Таинственно благоуханны пучки целебной травы, и нежатся баклажаны, лоснясь, как морские львы. На алые зерна граната, на ткани твои. Мергелан, гляжу, как глядел когда-то на Индию Магеллан…

Эта вот умиротворенная, надежная покойность вещного мира для Евтушенко — истина, резко противопоставленная миру слов, абстрактных оценок, общих понятий (будто не доверяя им, поэт придумывает свои: «мальчишескость»). С одной стороны — слава, шум успеха, с другой — первозданная мудрость природы, живущей «за так, а ни за что-то, верней, за то, что ни за что». С одной стороны — «споры о романе модном и о приехавшем певце», с другой— реальный дед в дождевике («Ему б в тепло, и дела мало. Ему бы водки да пивца! Не знает этого романа, не слышал этого певца…»).

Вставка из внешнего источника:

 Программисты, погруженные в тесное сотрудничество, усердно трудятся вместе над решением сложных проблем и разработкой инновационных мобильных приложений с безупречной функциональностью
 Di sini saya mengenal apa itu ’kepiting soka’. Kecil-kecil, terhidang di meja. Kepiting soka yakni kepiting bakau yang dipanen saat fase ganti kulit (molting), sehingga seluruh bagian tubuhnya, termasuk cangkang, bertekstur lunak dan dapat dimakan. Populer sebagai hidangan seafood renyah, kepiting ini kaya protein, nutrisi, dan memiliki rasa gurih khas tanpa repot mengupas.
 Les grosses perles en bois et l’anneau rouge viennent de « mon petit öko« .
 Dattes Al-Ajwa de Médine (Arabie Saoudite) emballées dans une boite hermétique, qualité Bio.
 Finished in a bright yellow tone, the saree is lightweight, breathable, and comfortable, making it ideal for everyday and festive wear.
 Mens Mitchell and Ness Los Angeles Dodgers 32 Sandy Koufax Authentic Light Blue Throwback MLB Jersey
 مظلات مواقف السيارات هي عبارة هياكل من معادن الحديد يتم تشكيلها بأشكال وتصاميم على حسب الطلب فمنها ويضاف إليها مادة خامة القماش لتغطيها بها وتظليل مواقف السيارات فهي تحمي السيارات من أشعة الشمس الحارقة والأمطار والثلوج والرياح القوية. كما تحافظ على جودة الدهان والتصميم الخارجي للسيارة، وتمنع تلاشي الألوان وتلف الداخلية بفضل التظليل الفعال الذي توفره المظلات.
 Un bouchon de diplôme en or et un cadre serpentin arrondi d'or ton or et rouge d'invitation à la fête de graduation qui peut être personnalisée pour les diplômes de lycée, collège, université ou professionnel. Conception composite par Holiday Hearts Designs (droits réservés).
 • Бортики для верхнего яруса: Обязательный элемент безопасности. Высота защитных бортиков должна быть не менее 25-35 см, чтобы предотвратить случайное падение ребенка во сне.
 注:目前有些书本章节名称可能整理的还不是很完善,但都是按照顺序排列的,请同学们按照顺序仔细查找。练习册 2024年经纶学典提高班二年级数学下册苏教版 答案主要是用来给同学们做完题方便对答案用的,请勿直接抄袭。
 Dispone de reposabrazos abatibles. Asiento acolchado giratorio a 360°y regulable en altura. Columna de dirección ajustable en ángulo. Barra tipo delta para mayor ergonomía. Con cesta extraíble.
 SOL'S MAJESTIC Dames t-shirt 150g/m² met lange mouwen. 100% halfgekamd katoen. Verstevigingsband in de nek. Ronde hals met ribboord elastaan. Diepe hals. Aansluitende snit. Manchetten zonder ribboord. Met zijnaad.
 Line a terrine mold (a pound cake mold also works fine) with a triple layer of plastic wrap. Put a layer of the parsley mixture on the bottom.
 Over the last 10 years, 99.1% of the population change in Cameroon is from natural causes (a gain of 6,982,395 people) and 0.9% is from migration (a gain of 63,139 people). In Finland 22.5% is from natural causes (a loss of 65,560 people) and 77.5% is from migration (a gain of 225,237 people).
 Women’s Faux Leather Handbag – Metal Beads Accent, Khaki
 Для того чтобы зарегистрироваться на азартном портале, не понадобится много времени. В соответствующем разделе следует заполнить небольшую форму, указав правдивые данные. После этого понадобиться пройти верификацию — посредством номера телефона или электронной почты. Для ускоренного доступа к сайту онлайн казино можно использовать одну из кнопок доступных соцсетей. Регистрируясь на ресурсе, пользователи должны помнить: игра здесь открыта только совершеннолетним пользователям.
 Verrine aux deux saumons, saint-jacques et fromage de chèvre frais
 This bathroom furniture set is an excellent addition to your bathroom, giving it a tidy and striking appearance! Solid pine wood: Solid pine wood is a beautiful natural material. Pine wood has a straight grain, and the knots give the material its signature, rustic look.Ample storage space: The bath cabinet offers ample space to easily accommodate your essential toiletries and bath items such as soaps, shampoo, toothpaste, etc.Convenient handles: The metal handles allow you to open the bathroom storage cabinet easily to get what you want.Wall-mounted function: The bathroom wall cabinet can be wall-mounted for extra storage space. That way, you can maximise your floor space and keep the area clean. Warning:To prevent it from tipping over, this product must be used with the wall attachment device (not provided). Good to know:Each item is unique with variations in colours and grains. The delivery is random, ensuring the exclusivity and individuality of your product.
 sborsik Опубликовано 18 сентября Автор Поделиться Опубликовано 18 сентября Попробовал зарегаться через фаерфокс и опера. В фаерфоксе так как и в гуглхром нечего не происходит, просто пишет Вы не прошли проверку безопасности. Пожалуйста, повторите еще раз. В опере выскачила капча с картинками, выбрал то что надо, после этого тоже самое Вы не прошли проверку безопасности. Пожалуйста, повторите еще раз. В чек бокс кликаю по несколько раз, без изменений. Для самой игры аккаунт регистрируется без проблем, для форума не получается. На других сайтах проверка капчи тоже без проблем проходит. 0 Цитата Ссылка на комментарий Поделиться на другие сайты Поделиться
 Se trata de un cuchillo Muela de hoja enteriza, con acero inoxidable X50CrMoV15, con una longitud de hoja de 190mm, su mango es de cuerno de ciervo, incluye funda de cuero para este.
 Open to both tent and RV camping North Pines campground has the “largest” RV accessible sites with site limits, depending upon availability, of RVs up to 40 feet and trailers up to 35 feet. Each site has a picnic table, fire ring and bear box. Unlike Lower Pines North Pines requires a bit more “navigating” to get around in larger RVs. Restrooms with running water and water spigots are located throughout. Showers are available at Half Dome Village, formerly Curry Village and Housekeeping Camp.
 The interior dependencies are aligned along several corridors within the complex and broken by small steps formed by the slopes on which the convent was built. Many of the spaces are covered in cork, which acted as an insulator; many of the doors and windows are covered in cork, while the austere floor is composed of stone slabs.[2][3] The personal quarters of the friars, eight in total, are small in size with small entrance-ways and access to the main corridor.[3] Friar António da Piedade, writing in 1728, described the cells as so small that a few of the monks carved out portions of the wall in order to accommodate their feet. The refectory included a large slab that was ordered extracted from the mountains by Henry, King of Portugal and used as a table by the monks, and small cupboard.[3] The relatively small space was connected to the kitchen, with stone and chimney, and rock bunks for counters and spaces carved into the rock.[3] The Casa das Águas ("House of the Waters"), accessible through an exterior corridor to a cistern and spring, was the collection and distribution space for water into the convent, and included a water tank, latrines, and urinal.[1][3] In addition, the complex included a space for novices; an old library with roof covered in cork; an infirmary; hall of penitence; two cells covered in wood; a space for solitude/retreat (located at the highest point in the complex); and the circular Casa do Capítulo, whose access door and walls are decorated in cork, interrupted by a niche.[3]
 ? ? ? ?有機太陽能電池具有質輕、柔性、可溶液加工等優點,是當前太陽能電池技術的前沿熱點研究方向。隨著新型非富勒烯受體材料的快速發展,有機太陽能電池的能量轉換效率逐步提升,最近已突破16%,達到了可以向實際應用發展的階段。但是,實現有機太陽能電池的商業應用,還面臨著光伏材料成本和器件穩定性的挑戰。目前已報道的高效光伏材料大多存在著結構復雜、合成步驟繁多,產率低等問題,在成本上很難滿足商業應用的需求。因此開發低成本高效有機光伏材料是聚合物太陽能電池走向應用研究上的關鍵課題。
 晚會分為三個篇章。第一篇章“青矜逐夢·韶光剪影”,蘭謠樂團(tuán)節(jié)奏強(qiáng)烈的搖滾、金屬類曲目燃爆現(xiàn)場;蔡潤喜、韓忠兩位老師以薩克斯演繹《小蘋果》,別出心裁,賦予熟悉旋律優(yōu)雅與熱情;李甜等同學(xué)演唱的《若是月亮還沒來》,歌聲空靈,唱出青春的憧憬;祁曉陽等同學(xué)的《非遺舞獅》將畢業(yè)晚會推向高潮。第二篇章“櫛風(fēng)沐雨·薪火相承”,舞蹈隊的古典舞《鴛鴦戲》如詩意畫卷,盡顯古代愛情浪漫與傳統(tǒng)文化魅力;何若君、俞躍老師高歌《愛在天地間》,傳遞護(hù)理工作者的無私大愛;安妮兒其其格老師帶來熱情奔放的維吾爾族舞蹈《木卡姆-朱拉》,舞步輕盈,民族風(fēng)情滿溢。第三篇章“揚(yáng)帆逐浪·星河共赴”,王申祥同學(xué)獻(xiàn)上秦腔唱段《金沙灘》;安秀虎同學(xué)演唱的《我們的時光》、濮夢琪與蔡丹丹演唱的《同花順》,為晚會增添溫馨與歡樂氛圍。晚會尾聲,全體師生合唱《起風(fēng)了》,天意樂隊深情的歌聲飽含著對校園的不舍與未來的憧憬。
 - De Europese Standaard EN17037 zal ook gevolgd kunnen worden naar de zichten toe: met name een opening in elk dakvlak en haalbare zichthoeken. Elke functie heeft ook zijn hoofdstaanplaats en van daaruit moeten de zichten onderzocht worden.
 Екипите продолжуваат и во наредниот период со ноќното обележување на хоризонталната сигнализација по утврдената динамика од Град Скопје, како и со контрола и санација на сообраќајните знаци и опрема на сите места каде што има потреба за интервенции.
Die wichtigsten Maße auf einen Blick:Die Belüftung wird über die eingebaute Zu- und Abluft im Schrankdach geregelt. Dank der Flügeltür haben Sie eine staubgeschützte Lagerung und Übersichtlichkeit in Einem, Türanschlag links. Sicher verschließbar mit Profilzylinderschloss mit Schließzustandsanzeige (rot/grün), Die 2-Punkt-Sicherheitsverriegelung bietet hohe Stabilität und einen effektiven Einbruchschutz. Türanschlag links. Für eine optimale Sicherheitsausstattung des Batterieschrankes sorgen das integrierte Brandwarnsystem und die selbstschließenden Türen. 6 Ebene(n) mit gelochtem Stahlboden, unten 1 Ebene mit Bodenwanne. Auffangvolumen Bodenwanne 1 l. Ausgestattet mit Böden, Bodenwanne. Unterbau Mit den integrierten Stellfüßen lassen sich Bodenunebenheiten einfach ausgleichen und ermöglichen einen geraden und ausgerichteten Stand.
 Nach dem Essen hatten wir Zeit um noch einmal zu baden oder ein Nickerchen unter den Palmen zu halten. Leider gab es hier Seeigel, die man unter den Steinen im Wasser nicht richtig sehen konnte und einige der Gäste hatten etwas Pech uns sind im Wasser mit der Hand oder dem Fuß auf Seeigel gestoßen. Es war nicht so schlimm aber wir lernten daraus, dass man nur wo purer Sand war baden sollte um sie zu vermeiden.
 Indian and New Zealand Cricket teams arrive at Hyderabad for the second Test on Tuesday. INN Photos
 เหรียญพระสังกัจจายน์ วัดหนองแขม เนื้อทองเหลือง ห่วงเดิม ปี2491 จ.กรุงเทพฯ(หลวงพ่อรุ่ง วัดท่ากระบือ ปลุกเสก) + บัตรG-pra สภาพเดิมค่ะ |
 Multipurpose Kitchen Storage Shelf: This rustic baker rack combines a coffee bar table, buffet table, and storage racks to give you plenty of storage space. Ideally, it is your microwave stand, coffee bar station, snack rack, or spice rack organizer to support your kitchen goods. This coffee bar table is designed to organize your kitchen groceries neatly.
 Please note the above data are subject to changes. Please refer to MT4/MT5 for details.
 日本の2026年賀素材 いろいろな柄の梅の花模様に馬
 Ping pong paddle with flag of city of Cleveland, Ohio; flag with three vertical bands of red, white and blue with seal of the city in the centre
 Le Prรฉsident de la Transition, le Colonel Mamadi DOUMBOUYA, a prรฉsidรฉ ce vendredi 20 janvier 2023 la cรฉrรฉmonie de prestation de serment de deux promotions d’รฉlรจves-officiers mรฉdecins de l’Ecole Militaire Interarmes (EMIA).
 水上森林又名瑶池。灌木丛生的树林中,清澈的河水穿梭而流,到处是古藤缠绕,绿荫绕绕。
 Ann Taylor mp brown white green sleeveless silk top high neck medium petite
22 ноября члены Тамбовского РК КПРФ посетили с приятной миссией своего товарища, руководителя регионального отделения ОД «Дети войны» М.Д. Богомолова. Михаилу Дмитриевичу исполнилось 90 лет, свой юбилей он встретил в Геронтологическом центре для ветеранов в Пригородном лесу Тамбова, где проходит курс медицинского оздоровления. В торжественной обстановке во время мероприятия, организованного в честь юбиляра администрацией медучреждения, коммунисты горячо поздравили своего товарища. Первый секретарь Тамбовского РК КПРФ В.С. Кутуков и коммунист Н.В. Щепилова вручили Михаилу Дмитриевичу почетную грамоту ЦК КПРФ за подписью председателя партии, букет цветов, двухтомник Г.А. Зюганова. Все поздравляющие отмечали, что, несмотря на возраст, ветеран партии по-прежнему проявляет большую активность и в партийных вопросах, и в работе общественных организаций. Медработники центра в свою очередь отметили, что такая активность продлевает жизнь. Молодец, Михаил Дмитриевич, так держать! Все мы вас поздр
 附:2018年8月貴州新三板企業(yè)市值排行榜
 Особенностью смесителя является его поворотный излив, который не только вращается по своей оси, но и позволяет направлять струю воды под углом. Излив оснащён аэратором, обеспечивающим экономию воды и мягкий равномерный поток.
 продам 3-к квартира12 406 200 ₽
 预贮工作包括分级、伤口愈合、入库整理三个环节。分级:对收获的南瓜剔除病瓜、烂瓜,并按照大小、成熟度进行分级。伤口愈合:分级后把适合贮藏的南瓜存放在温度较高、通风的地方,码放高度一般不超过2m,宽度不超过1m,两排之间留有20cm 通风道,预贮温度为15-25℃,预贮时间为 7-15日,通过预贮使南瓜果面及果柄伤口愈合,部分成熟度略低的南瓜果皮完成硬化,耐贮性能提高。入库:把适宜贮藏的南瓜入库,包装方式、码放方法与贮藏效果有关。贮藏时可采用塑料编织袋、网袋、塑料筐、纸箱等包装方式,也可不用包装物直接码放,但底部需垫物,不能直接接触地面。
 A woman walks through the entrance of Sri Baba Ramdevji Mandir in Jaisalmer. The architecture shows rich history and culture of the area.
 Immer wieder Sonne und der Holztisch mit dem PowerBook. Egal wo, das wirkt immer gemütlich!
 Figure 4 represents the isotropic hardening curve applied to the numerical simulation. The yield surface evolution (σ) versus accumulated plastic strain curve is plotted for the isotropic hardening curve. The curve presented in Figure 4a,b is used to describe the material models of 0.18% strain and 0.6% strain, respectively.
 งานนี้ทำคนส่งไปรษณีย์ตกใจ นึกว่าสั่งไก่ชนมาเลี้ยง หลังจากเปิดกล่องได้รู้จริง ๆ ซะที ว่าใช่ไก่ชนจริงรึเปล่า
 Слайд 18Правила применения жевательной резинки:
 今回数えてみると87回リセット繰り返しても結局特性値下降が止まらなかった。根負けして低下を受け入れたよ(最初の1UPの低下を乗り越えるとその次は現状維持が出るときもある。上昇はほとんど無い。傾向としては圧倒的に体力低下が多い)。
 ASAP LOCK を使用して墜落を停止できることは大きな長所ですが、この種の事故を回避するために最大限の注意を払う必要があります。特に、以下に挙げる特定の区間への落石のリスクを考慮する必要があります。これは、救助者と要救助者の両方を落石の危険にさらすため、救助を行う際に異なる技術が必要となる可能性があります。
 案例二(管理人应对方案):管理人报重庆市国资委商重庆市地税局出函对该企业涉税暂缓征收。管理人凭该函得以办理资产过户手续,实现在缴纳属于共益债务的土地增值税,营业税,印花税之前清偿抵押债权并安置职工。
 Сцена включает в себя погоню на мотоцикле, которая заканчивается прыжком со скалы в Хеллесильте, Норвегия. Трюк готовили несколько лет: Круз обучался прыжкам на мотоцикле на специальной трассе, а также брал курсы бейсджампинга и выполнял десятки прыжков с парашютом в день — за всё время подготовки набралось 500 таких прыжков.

Такова внутренняя структура почти всех стихов тридцатилетнего Евтушенко. Поэт старается отбросить туманные сферы, в которых чудятся ему чуть не подвохи, поэта тянет в вещный мир, спокойный, тихий и, так сказать, более надежный. Этот вещный мир словно затем и призван в стихи, чтобы излечить нашего автора, изрядно помятого в коварных лабиринтах софистики; поэт словно очнулся, обнаружив бездну лукавства, что таилась в его рациональных призывах, и теперь, не в силах успокоиться, с грустной иронией вспоминает «мыслящих» казуистов. Это он, Евтушенко, с упоением писавший:

«О, нашей молодости споры!..»— посмеивается теперь: «Все мыслят — доктор медицины, что в лодке сетует жене, и женщина на мотоцикле, летя отвесно по стене. На поплавках уютно-шатких, в аллеях, где Нескучный сад, и на раскрашенных лошадках — везде мыслители сидят. Прогулки, вы порой фатальны! Задумчивые люди шьют. Задумчиво шумят фонтаны, задумчиво по морде бьют…» Высокий рациональный пафос покинул почву, оставил жизнь в ее простоте, с надежными супами, со спокойной медлительностью русских мельниц, с царственной яркостью самаркандских базаров…

И что же? Исчез? Нет!

Отлетев от жизни, отвлеченный сей пафос поселился отдельно — в разветвленных формулах философических стихов, в динамичных ритмах так называемой собственно гражданскойлирики, в ее глобальных образах и умело включенных сюда летящих силуэтах людей:

Россия сокращает свою армию… Девчата гладят платьица в горошинку. Ребята едут, но не бомбы атомные — взрываются частушки под гармонику… …Ты, экскаваторщик-верзила из Техаса, давай с тобою в баскетбол тягаться!.. …И рядом с мускулистой черной — в веснушках белая рука… …Какие б годы ни пришли суровые,— из вас, поля, из вас, леса густые, к нам будут приходить таланты новые; и это вечно, как сама Россия… …Фидель, возьми к себе меня солдатом Армии Свободы!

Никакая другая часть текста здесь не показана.